Она не хотела позволить ему закончить разговор своей любимой формулой.
— Джим, — сказала она, — он обманщик, и он, и Больф Юбенк, и вся их шайка. Я думаю, они задурили тебе голову.
Она ожидала, что он рассердится, но увидела, что он только иронически поднял брови.
— Это ты так думаешь, — ответил он.
У нее впервые мелькнула испугавшая ее мысль, которую она считала невозможной: а что, если он вовсе не обманывается на их счет? Она могла понять жуликоватость доктора Притчета, он извлекал из нее доход, хоть и незаслуженный; она даже могла теперь допустить, что Джим тоже жульничал в делах, но что никак не укладывалось у нее в голове, так это представление о Джиме как об абсолютно бескорыстном жулике; неужели он обманывал за так, ничего не выигрывая, обмана ради; по сравнению с этим любой шулер или аферист выглядел честным, морально здоровым человеком. Ей не удавалось нащупать никакого мотива, она лишь чувствовала, что свет летящей на нее невидимой машины слепит все больше.

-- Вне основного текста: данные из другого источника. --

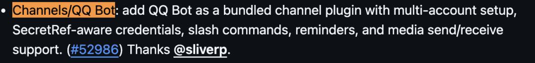 其中一个改变,是QQ Bot作为捆绑渠道插件正式加入。

Она уже не могла вспомнить, как постепенно, с малого, с мелких царапин до ожога сердца, с легкого недоумения до хронической, непрерывной боли в ней рос и становился неотступным страх, а с ним и сомнение в положении Джима на железной дороге. Сомнение переходило в уверенность, когда в ответ на ее невинные вопросы он взвивался и без всякой причины сердито кричал:
— Значит, ты мне не веришь?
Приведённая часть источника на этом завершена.